▶ **What the exercise asks**
A word-for-word copy of the data is what's wanted; pictures stay out of it.

▶ **Dataset section**

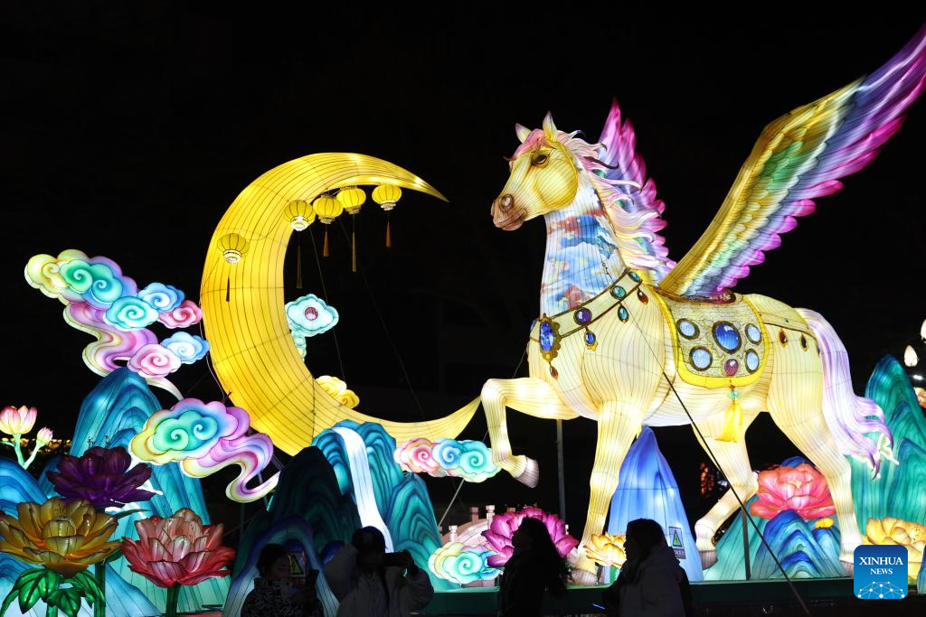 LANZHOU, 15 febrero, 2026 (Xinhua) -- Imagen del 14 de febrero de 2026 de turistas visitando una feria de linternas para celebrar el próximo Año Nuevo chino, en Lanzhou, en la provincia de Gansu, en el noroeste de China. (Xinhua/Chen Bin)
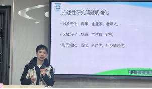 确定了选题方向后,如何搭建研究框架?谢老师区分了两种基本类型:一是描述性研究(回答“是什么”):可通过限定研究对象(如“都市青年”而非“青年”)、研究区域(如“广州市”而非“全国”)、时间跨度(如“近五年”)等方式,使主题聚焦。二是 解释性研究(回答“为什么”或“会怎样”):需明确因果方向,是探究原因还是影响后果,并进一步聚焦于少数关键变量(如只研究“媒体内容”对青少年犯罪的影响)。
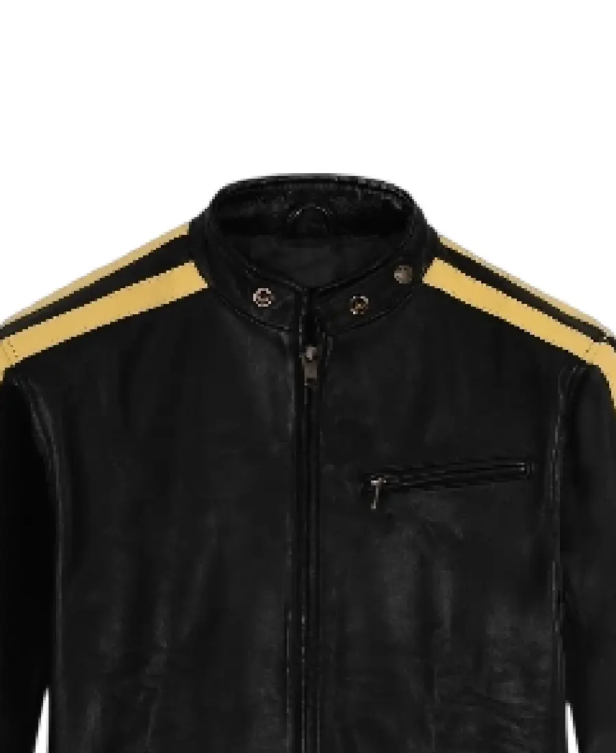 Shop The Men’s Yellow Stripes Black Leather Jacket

▶ **Result for this task**
 LANZHOU, 15 febrero, 2026 (Xinhua) -- Imagen del 14 de febrero de 2026 de turistas visitando una feria de linternas para celebrar el próximo Año Nuevo chino, en Lanzhou, en la provincia de Gansu, en el noroeste de China. (Xinhua/Chen Bin)
 确定了选题方向后,如何搭建研究框架?谢老师区分了两种基本类型:一是描述性研究(回答“是什么”):可通过限定研究对象(如“都市青年”而非“青年”)、研究区域(如“广州市”而非“全国”)、时间跨度(如“近五年”)等方式,使主题聚焦。二是 解释性研究(回答“为什么”或“会怎样”):需明确因果方向,是探究原因还是影响后果,并进一步聚焦于少数关键变量(如只研究“媒体内容”对青少年犯罪的影响)。
 Shop The Men’s Yellow Stripes Black Leather Jacket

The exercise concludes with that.